How does a divorce affect retirement plans?

Retirement in a Bucks County Divorce

The distribution of retirement accounts in a divorce can be tricky.  First of all, in retirement plans such as IRAs and 401(k) plans, only the amount contributed (and its accretion of value) during the marriage years can be distributed in a Bucks County divorce.  The spouse who owns the IRA can keep any portion he/she contributed prior to the marriage.  Exactly how the remaining monies from these plans will be distributed should be discussed thoroughly with an attorney or financial advisor. There are considerable tax consequences if the IRA or 401(k) is cashed. In some instances, spouses may trade one asset for another such as one spouse will retain his/her  401(k) plan in exchange for the other spouse keeping a major asset such as a house or cash. In other instances, the value of the plan will be divided in a manner agreeable to both parties.  Pensions are a different matter since it is difficult to determine its projected value.

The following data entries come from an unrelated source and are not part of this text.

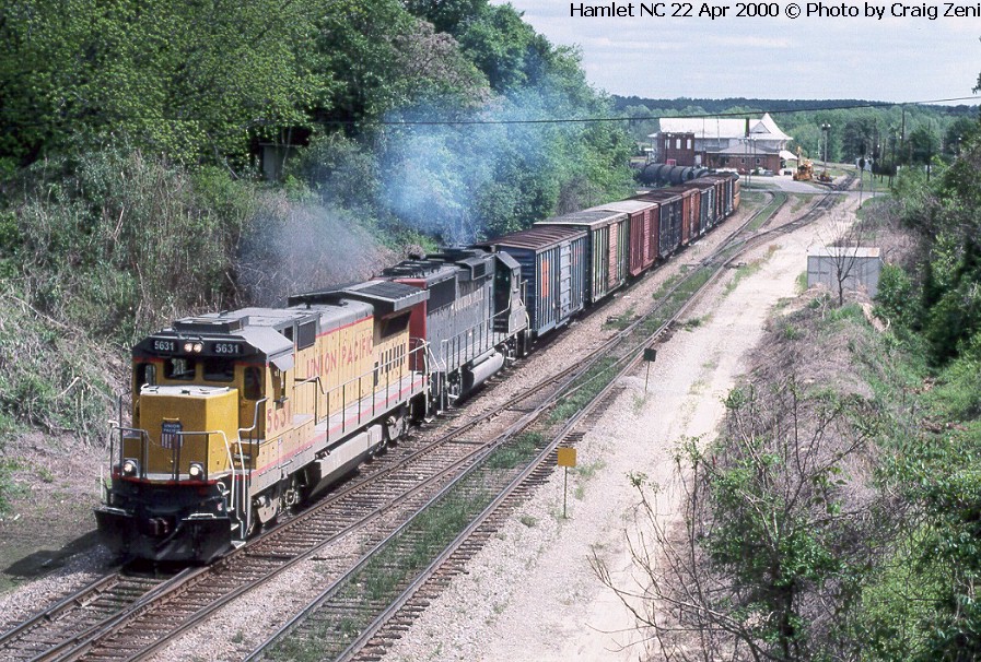 | Formerly a Southern Pacific engine, UP 5631 is heading west from Hamlet station with train Q615 bound for New Orleans. Trains like this make one wonder just whose railroad one is watching... | |
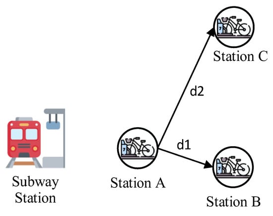 Figure 1. The mutual impact of demand between stations. - Spatial Heterogeneity Factors: Spatial heterogeneity refers to sudden, irregular spatial factors influencing bike-sharing demand. For instance, the addition or closure of stations (referred to collectively as dynamic changes in stations) impacts the demand at surrounding stations. As illustrated in Figure 2, the blue dots represent regular stations, yellow dots represent newly added stations, and purple dots represent stations that have disappeared.
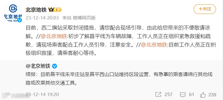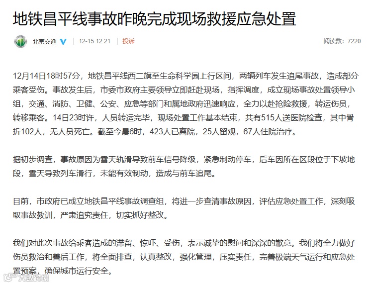 @北京交通订阅号 15日中午发布消息:12月14日18时57分,地铁昌平线西二旗至生命科学园上行区间,两辆列车发生追尾事故,造成部分乘客受伤。事故发生后,市委市政府主要领导立即赶赴现场,指挥调度,成立现场事故处置领导小组,交通、消防、卫健、公安、应急等部门和属地政府迅速响应,全力以赴抢险救援,转运伤员,转移乘客。
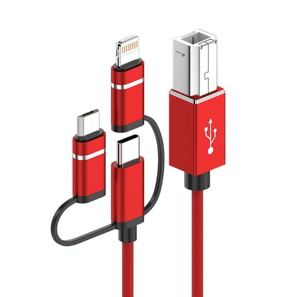 3 in 1 8 Pin, Type-C, Micro USB to USB-B MIDI Instruments Printer Cable, Length: 1m, Length:1m(Red)
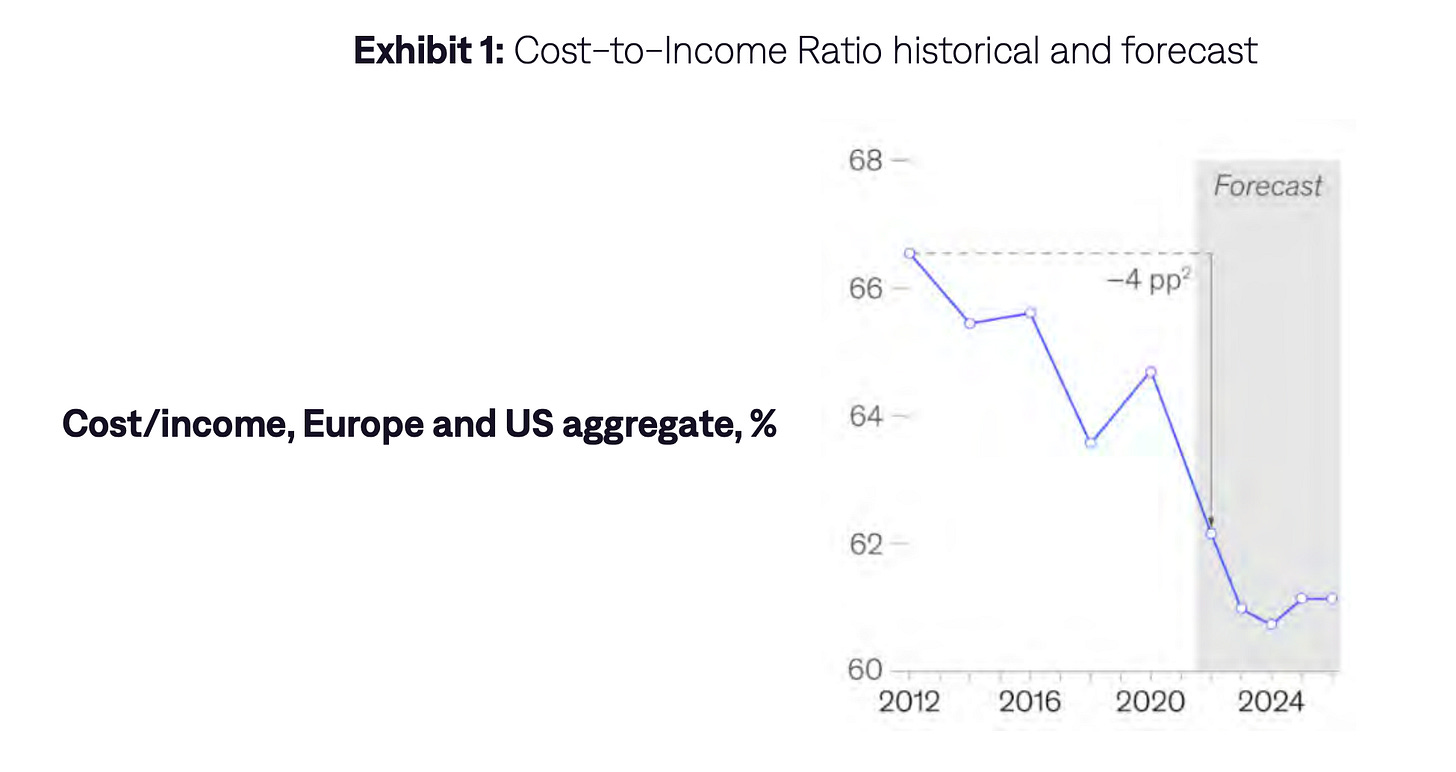 Today’s mid-market bank must navigate a complex and challenging landscape: cloudy macroeconomic and geopolitical conditions, interest rate uncertainty, increased competition from both market heavyweights and disruptive fintech upstarts, and rapidly evolving customer expectations. These factors exert considerable pressure on banks’ financial performance. The outlook from 2024+ suggests that cost-to-income ratios for the sector are expected to remain flat in the low 60% range, ending a decade-long period of sustained improvement that saw this figure decline globally by roughly 4 percentage points on average.

The advice of an attorney or financial advisor is critical when deciding about dividing a pension.    

QDRO in a Divorce

Your Bucks County divorce lawyer should inform you about a "QDRO" or Qualified Domestic Relations Order.  Specifically, a QDRO is a vehicle to have your portion of a retirement account transferred into or out of your account.  This is done to minimize tax implications.  Typically, your attorney will employ a company that specializes in QDRO preparation to ensure the pension is transferred properly and to avoid IRS issues.  

As you can see, there are a multitude of issues and concerns relating to a pension and retirement account in a divorce.  You not only have to be concerned about the valuation of the account, but how it is transferred.  Very complicated stuff that requires a lot of strategy.